After the above process, the images recorded by the radiologist for CAD evaluation were reviewed by a resident with 2-year training experience of US, who was blinded to the results of the experienced radiologist and deep learning-based CAD, as well as the medical histories of the patients.

Statistical analysis

The pathological results of all of the lesion biopsies were obtained afterwards. For further statistical analysis, the BI-RADS subcategorizations of the doctors were transferred to a dichotomic form with a cutoff value of 4a for benign and malignancy. The BI-RADS 3 were deemed as benign lesions, and BI-RADS 4a, 4b, 4c and 5 were deemed as malignant lesions (18,19). The statistical procedure was conducted on the SPSS software (SPSS 19.0, IBM). The overall diagnostic performance of deep learning-based CAD was evaluated using sensitivity, specificity, PPV, negative predictive value (NPV), and area under the receiver operator characteristics curve (AUC). For each histological subtypes of breast lesions, the diagnostic accuracy of deep learning-based CAD was calculated and compared with the results of the two radiologists by chi-square test. In this study, statistical significance was considered when the p-value was less than 0.05.

Results

A total of 448 focal breast lesions were examined and classified by the experienced radiologist, deep learning-based CAD, and the in-training resident respectively. Among these lesions, 218 of the lesions were histopathologically proved as malignant masses, including invasive ductal carcinoma (not otherwise specified), invasive lobular carcinoma, ductal carcinoma in situ (DCIS), mucinous carcinoma, malignant phyllodes tumors, encapsulated papillary carcinoma, apocrine carcinoma, metaplastic carcinoma, adenocarcinoma with spindle cell metaplasia, and diffuse large B-cell lymphoma. Two hundred and thirty lesions were identified as benign ones, including adenosis, sclerosing adenosis, fibroadenoma, intraductal papillary tumor, inflammation, benign phyllodes tumor, adiponecrosis, and non-specific breast tissues (Table 1).

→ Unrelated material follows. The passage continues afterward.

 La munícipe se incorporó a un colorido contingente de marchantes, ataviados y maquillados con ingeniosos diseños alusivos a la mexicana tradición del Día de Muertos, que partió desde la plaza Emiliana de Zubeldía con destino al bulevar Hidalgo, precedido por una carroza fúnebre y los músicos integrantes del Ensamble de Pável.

Table 1 Malignant and benign histological types of 448 focal breast lesions
Full table

To illustrate the diagnostic performance of deep learning-based CAD, the experienced radiologist, and the resident, sensitivity, specificity, PPV, NPV, AUC were calculated and presented in Table 2. Deep learning-based CAD presented a significantly lower sensitivity (85.32%) and NPV (84.69%) but a significantly higher specificity (76.96%) and PPV (77.82%), compared with both the experienced radiologist and the resident (P<0.05). The AUC value of deep learning-based CAD was almost equal with the experienced radiologist (0.81 vs. 0.81), while significantly higher than the resident (0.81 vs. 0.70, P<0.0001).

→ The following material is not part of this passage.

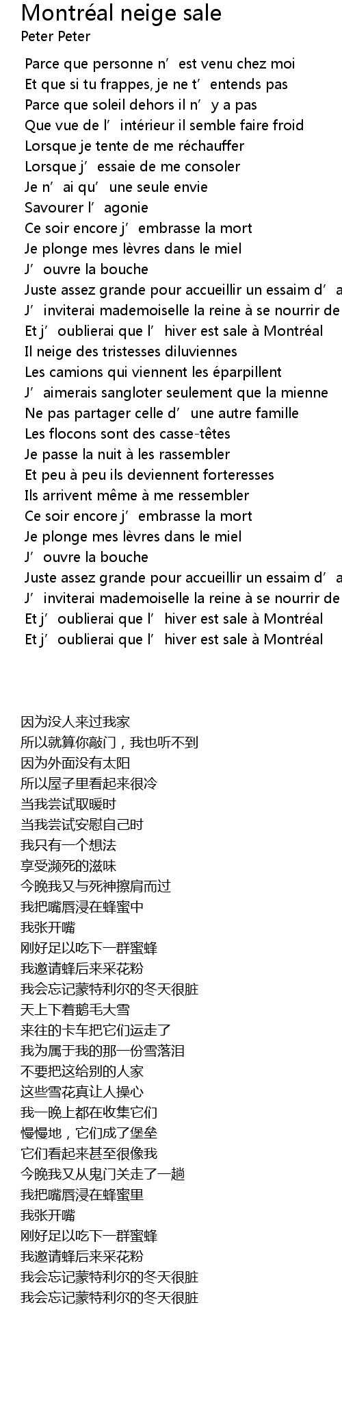 | [02:44.448] | Et j' oublierai que l' hiver est sale à Montré al |

Table 2 Diagnostic performance of deep learning-based CAD, the experienced radiologist, and the resident
Full table

In the benign lesions, the deep learning-based CAD identified 119 (88.1%) lesions as benign ones in the 135 fibroadenomas (Figure 1). Among the 35 cases of breast adenosis, 25 of the lesions were classified accurately by deep learning-based CAD with an accuracy rate of 71.4%. As for the 27 intraductal papillary tumors, deep learning-based CAD made right classifications in 14 lesions (51.9%). Deep learning-based CAD made mistakes in 5 lesions in the 10 cases of inflammation, and 4 lesions in the 8 cases of sclerosing adenosis. In the malignant lesions, 151/168 (89.9%) invasive ductal carcinoma were diagnosed as malignancies by deep learning-based CAD in a total of 168 lesions (Figure 2); 21/29 (72.4%) DCIS were classed in the right column by deep learning-based CAD. Six of the invasive lobular carcinoma were figured out by deep learning-based CAD in 7 lesions (85.7%) (Table 3).

Figure 1 A 50-year-old woman with a pathologically proved fibroadenoma in the left breast. (A) and (B), the cross section and longitude section of the irregular hypoechoic mass with ill-circumscribed margin. (C) The deep learning-based CAD correctly diagnosed it as a “possibly benign” tumor, while both the experienced radiologist and the resident diagnosed it as BI-RADS 4b. CAD, computer-aided diagnosis.

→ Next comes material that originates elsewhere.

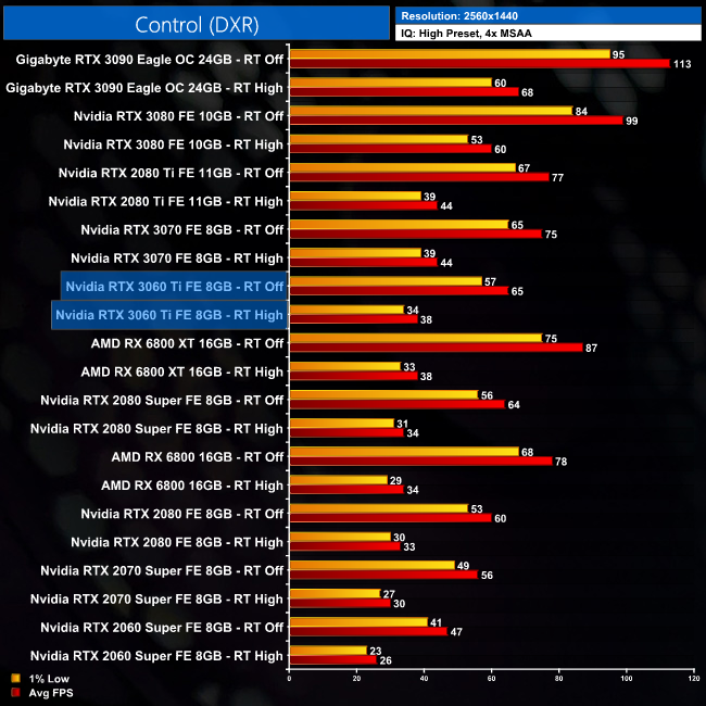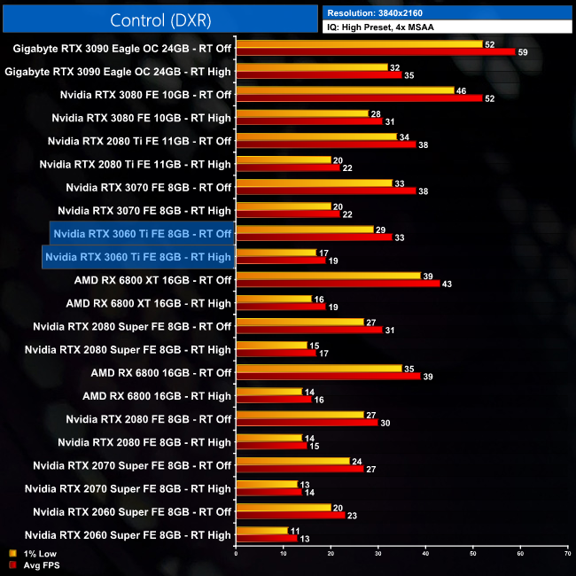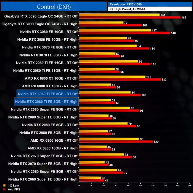 Starting with Control, this game is very heavy with its RT effects, and we can see a 41% performance hit when enabling that extra eye candy. The 3060 Ti is still ahead of the 2080 Super however, by 9%, and it’s actually only a single frame slower than AMD’s RX 6800 XT, which clearly shows how much further ahead Nvidia GPUs are.

Figure 2 A 47-year-old female with a pathologically proved triple-negative invasive ductal carcinoma of grade III in the left breast. (A) The longitude section of the lesion, presenting a regular hypoechoic mass with well-defined margin and posterior acoustic enhancement; (B) the colour Doppler showed there was no blood flow detected in the mass; (C) the deep learning-based CAD diagnosed the mass as a “possibly malignant” tumor, while both the experienced radiologist and the resident misdiagnosed it into BI-RADS 3. CAD, computer-aided diagnosis.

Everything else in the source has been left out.